Flaminia Orsi, 58 anni, agente immobiliare, ha adottato da moltissimo tempo una versione di convenienza di se stessa. Dietro quella signora di Roma Nord, benvestita e a proprio agio nei riti della tribù borghese che frequenta, si nasconde l’immagine di una ragazza con il montone rovesciato sopra la maglietta, all’uscita da Rebibbia, in mezzo a un gruppo che ride e la abbraccia facendo il segno di vittoria. Nessuno degli amici di oggi la riconoscerebbe mai: quella foto non è mai stata messa in mostra e mai Flaminia si sognerebbe di infilarla in una delle belle cornici d’argento che ornano la sua attuale libreria, primi piani di una signora medio borghese con le meches e le perle, professionista di un certo successo, separata da dieci anni e vedova da cinque. La foto la buttò via materialmente insieme a molte altre nel 1982, svuotando un cassetto in un secchio della spazzatura formato condominio. Non le guardò nemmeno. Si limitò a rovesciarle giù insieme a tutte le cianfrusaglie della sua prima vita. Poi ci spinse sopra


il montone rovesciato, marrone scuro, con due grandi stelle western impunturate di cuoio, che le era costato il suo primo stipendio tutto intero. Storia chiusa, si ricomincia da capo, disse a bassa voce. Sigillando con un nodo il sacco immaginò se stessa come una novizia che si rasa i capelli nel giorno dell’investitura a monaca. Provò sollievo, senza venature di rimpianto. Fu il funerale della ragazza che era stata. Deciso per stanchezza e voglia di normalità, ma soprattutto per amore di un uomo incompatibile con il passato che si portava dietro, con le amicizie troppo strette, con i ricordi troppo importanti, con i viaggi troppo lunghi e gli inossidabili legami della politica. Quell’uomo ammutoliva se per un motivo qualsiasi incrociava una storia o una persona che avevano a che fare con la sua vecchia vita. Non capiva. Aveva il costante sospetto che dietro ogni frammento ci fosse un vecchio amore o un’avventura di letto, perché non poteva immaginare nessun legame e desiderio diverso per una donna. Flaminia aveva seppellito «le cose di prima» convinta che fosse un indispensabile passaggio verso l’età adulta delle relazioni stabili. Di alcune aveva conservato un ricordo tenue, sbiadito come il colore di certi fiori secchi nelle pagine dei libri. La maggior parte era sparita nel buio, sostituita piano piano da oggetti più consoni e tranquillizzanti.
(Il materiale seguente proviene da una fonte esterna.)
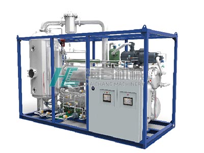 眾所周知,化工、醫藥、生物提取行業內溶媒的蒸發、蒸餾、濃縮裝置都是高能耗的,能耗在這些裝置的運行成本中占很大的比例,因此單位能耗的降低和優化對降低整個運行成本至關重要;而現有的MVR多效蒸發機組雖然在運行能耗上有所降低,但針對于有機溶劑回收方面,由于易燃易爆的氣態溶劑與高速運轉的壓縮機葉輪接觸,所以存有安全隱患,況且安裝維護比較麻煩,占地面積大,操作也不便利。針對于這些狀況,我公司研制了這款安全、節能、環保的閉式真空溶劑蒸發模塊。

Gouache napoletane, gera-


nei da terrazzo, perle, servizi buoni di piatti e bicchieri avevano colmato il vuoto anche quando quell’uomo, dopo un matrimonio e due figli, se n’era andato altrove e poi era stato per sempre cancellato da un incidente mortale sulla A1. Flaminia non ha mai ripensato alle «cose di prima» fino al giorno della morte di suo figlio, quando le circostanze l’hanno messa davanti a un’alternativa: imbottirsi di farmaci e seppellirlo piangendo oppure ritrovare la memoria della ragazza che era stata e farsi giustizia.